Some differences in the aforementioned primary endpoints for each trial should be emphasized (see Table 1). CV death in the FOURIER trial was defined as death resulting from an acute MI, sudden cardiac death, heart failure (HF), stroke, CV procedures, CV hemorrhage and other CV causes. CHD death in the ODYSSEY OUTCOMES trial was defined as any death with a clear relationship to underlying CHD, including death secondary to acute MI, sudden death, HF or complications arising from a coronary revascularization procedure where the cause of death was clearly related to the procedure. Therefore, CV death comprises a broader endpoint that also includes deaths due to non-coronary CV disease (e.g., arrhythmia, pulmonary embolism, hemorrhagic stroke), whereas CHD death includes only those deaths directly or presumably attributable to CAD and its complications. In the FOURIER trial the primary endpoint included all types of stroke, whereas the primary endpoint in the ODYSSEY OUTCOMES trial included only ischemic strokes; thus, hemorrhagic strokes and those of uncertain origin were part of the PEP only in the FOURIER trial. In the FOURIER trial the revascularization endpoint was defined as any unplanned revascularization, and in the ODYSSEY OUTCOMES trial only ischemia-driven revascularization (prompted by ischemic symptoms or abnormal findings in functional tests) was included. Of note, coronary stent re-stenosis was excluded from the outcome definitions in the ODYSSEY OUTCOMES trial since it was considered less amenable to modification by therapy aimed at lowering LDL-C [23], while those events were counted in the PEP of the FOURIER trial.
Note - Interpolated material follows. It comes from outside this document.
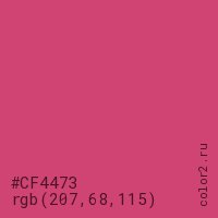 Цвет #CF4473 в цветовой модели RGB обозначается тремя октетами (207, 68, 115) в десятичном формате и #CF4473 в шестнадцатиричном (hex) формате, которые являются интенсивностью красного 207 (hex CF), интенсивность зелёного 68 (hex 44) и интенсивность синего 115 (hex 73).

Fourier Versus Odyssey Outcomes: Overall Results
Both trials met their respective PEP, with significant reductions favoring the PCSK9 inhibitor compared to placebo. The point estimates of the hazard ratios (HRs) for the PEPs were similar in the FOURIER and ODYSSEY OUTCOMES trials (HR 0.85, 95% confidence interval [CI] 0.79–0.92 and HR 0.85, 95% CI 0.78–0.93, respectively) (Fig. 2). There was also a consistent benefit from both active drugs regarding reductions in MI (FOURIER: HR 0.73, 95% CI 0.65–0.82; ODYSSEY OUTCOMES: HR 0.86, 95% CI 0.77–0.96) and stroke (FOURIER: HR 0.79, 95% CI 0.66–0.95; ODYSSEY OUTCOMES: HR 0.73, 95% CI 0.57–0.93). The revascularization endpoints from the FOURIER and ODYSSEY OUTCOMES trials were both significantly reduced, but with numerically different point estimates, possibly related to differences in patient characteristics in each trial (post-ACS vs. stable CAD) and/or different definitions used for the revascularization endpoint. Regarding CV death, neither trial demonstrated a statistically significant benefit of the PCSK9 inhibitor over placebo, although in the ODYSSEY OUTCOMES trial there was a lower rate of all-cause death favoring alirocumab that did not meet the rigorous statistical criteria for significance specified in the protocol to correct for multiplicity. This issue is explored further in a subsequent section.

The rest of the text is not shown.